Title: Strength to Hold and Not Succumb
Summary: Temptation, thy name is ease and utility. (And ignorance of consequence.)
The thing about having access to magic is the temptation to do something with it. (In fact, it bears a remarkable similarity to treatise on absolute power. A power everyone knows the Winton's have never, and will never possess. That's the thing about facts that everyone knows.)
And Beth is tempted. Horribly, at times, and at others because it would be so much easier than holding onto her own temper by sheer force of will. As is the case when her son is born, and sooner than that, when his existence is revealed – oh, not universally negative, in fact the reception is rather positive, but there are those who will have their opinions, common courtesies be damned – and periodically when the call goes out for her to find a consort. All with the best of intentions, of course.

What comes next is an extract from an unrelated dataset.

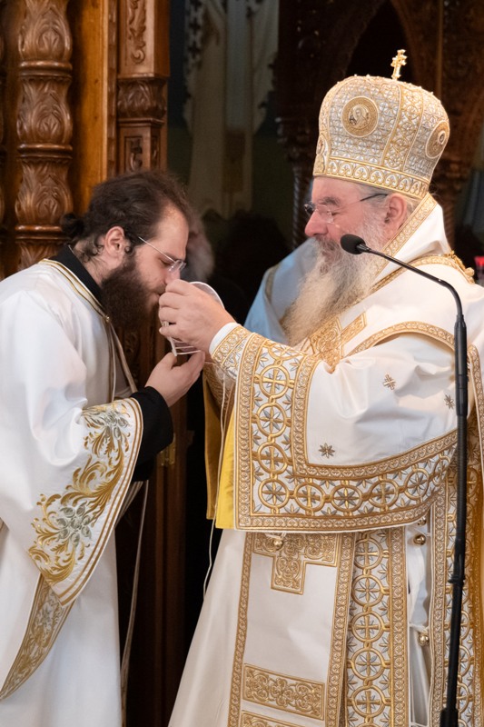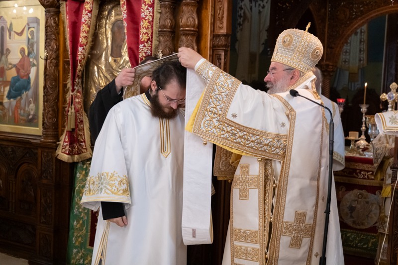 Προ της Δοξολογίας, ο Θεοφιλέστατος Επίσκοπος Νεαπόλεως κ. Πορφύριος χειροθέτησε σε υποδιάκονο τον ευλαβέστατο κ. Συμεών Ελπιδοφόρου ενώ, κατά τη διάρκεια της θείας Λειτουργίας, ο Πανιερώτατος Μητροπολίτης κ. Αθανάσιος χειροτόνησε σε διάκονο τον π. Συμεών.

She does not succumb. Ellen gets a workout, when it is feasible; her aunt is driven to near distraction, and the budget for massages and other cravings doubles for the duration, but she does not succumb. To any of her desires.
(A side effect of her displacement: she gains a reputation as a patron of the smaller confectionery producers in Landing to match her father's championship of the navy. It was not her intention, but once gained she finds no fault in it. It is part of the Monarchs duty to support her subjects businesses, after all. Even if it is a less fearsome reputation, she is a young Queen yet. And her subjects love her.)
She knows consequences too well now for that. She wonders if she would make the same deal again. If anything less would have sufficed. If magic could change the past. She wonders how high the price for that would be.
And sometimes, when more pessimistic reports are heard week by week, she wonders if she had asked for enough.